Recent Interesting Science Articles (August ’09)

Three articles for August and surprisingly for this blog, not a single one of them has anything to do with human nature. Two are related to biology but are more interesting in the way that they serve as examples of how science can correct a past mistake, even a long held one, as well as how popular reporting can easily misinterpret a scientific finding. The remaining one is a piece on dark energy, found via The Sycologist.

The first article deals with what is commonly taught as the most useless of human organs: the lowly appendix. As this article which appeared on Yahoo! by way of Livescience.com explains, all of us have probably been taught at some point in our lives that the appendix not only serves no purpose, being a relic of our evolutionary past, but is in fact a potentially lethal liability if it becomes inflamed.

Recent research led by William Parker of Duke University Medical Centre suggests that this is not quite true. His team found that not only has the appendix been present in our ancestors for far longer than previously thought, at least 80 million years, but that it is also more prevalent in many different species than previously believed, having evolved into existence on at least two independent occasions. This strongly suggests that it is in fact a useful organ.

Exactly what this purpose might is still a matter of some debate, but clues may lie in earlier research which indicated that the appendix may be a repository of beneficial bacteria which is used to repopulate the gut after a case of diarrhea and may also play a role in making and directing white blood cells. Dr. Parker further suggests that inflammation of the appendix may be at least partially caused our current living standards that are too sanitary, leaving our immune systems with too little to do. One possible remedy might to find a way to incite our immune systems in a controlled and safe manner in order to train and condition their responses. As someone who suffers from bouts of skin allergy, this sounds like a great idea to me.

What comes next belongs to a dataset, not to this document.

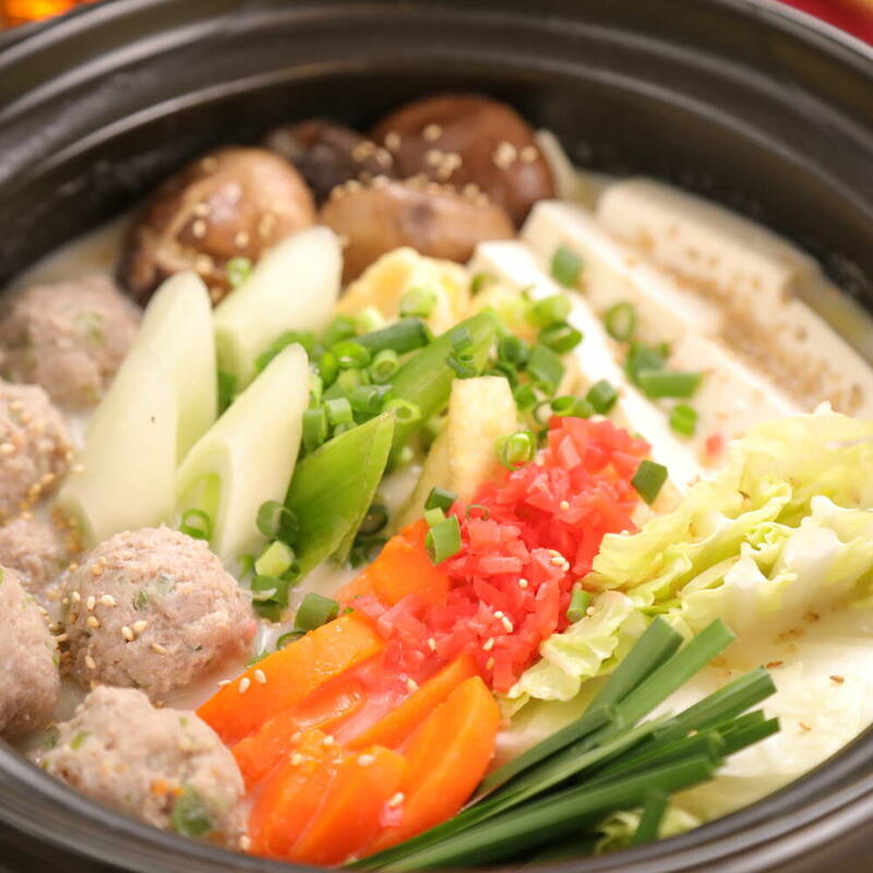 中火で沸騰直前まで加熱したら紅しょうがと青ねぎ、白ごまを散らす。
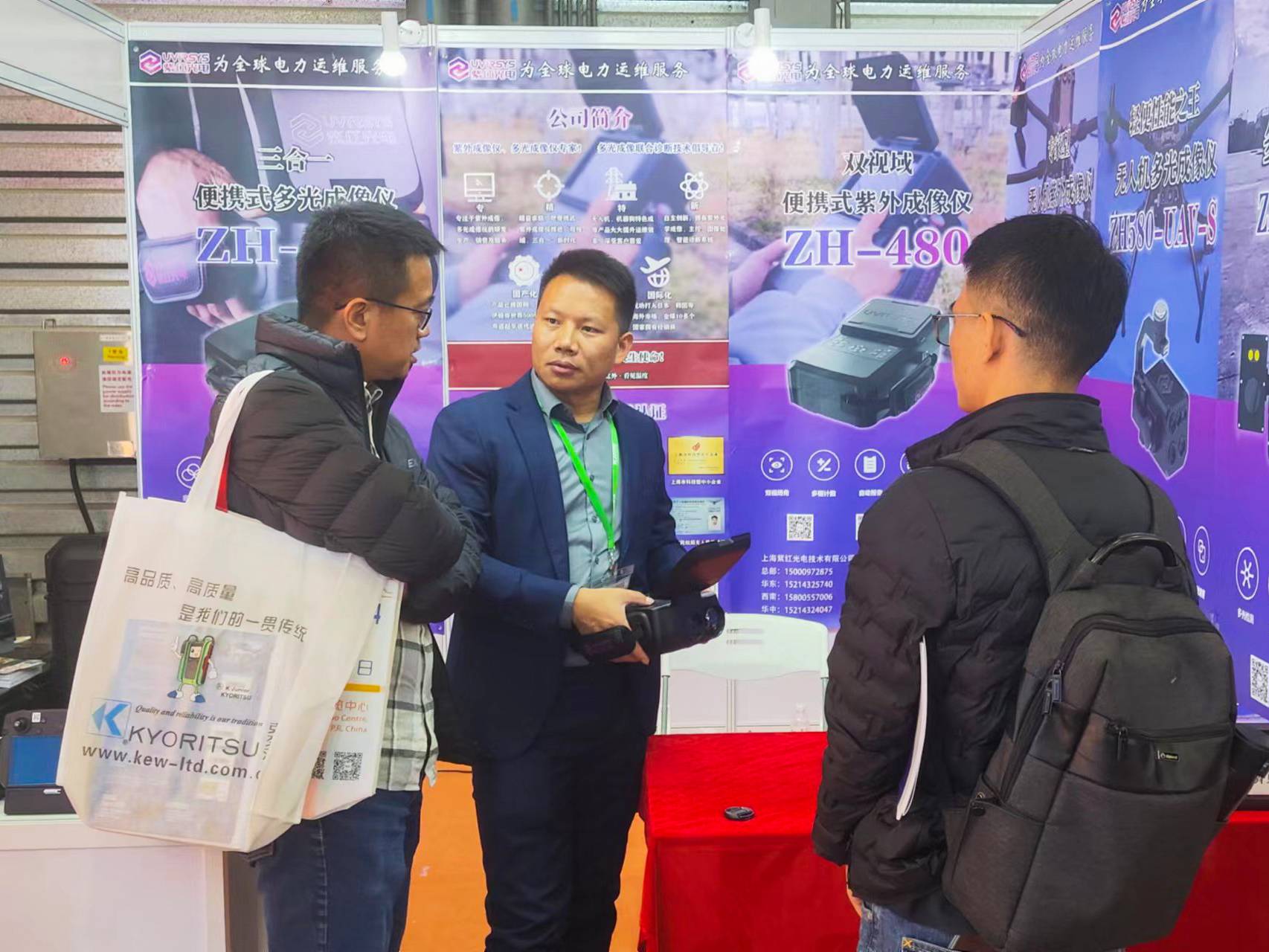 市场营销部的同事热情地向客户们介绍紫红光电产品的优势和特点,并就紫外成像的检测原理、应用场景、解决问题等方面进行了详细介绍。参展用户们纷纷上手操作,亲自体验仪器如何使用对电力设备运维缺陷的检测及诊断。

If the above article makes for a great example of the way that science can correct past misconceptions, this next one shows something like the opposite, on how sensationalist reporting can wildly distort what the scientists are really claiming, harming science in the process. This article from The Daily Telegraph is one of many around the world to greet the discovery of a new species of pitcher plant in the Philippines by calling them rat-eating plants. As most people should know, pitcher plants are carnivorous plants that look like pitchers inside which they trap insects. Once trapped, the bugs are slowly dissolved and digested by the chemicals inside the plant, yielding nutrients to it.

What is unusual about this new species, which has been named Nepenthes attenboroughii in honour of the famed naturalist Sir David Attenborough, is its tremendous size. This led the media to state that the plants regularly trap and consume rats and other small rodents, which would be quite amazing if true because such mammals normally have very sharp claws and teeth which should be able to shred any plants that tried to trap them. If you check the Wikipedia page for the species however, you’ll find that while the plants certainly are large enough to hold rodents, none of the scientists have actually reported seeing any actual rodents inside them and the consensus is that, like all other pitcher plants, these ones consume mainly insects of both the flying and crawling variety. The real news is still pretty interesting but not quite as sensational as the media tried to make it out to be.

Finally, our last article concerns a theoretical explanation of why scientists have so far been unable to find any trace of the elusive dark energy that everyone has heard so much about since they were first mooted ten years ago. According to Blake Temple and his team from the University of California, Davis, the explanation is simple: it doesn’t exist. To understand their point, it’s necessary to know that dark energy was essentially invented to explain the disparity between the observed rate of expansion of the universe and the theoretical rate if no dark energy were present.

However dark energy remains a purely theoretical construct with no direct evidence of its existence. Temple’s team has therefore proposed that the concept isn’t necessary and that the observed expansion of the universe can be explained by positing that the Milky Way galaxy is instead located in a relatively low density region of the universe. This would have been created by huge wave-like distortion in space-time soon after the Big Bang that swept through the universe. Our local region of space would on the inside of this supposed wave while the parts of the universe outside of the wave would have been thrown into the distance away from us. This would explain why they are so far away from us without needing to accelerate as required by conventional models of gravity.

All of this is pretty heady and speculative stuff and could be thrown aside in an instant once newer data appears, but it does illustrate some of the more interesting things that are going on in modern astrophysics.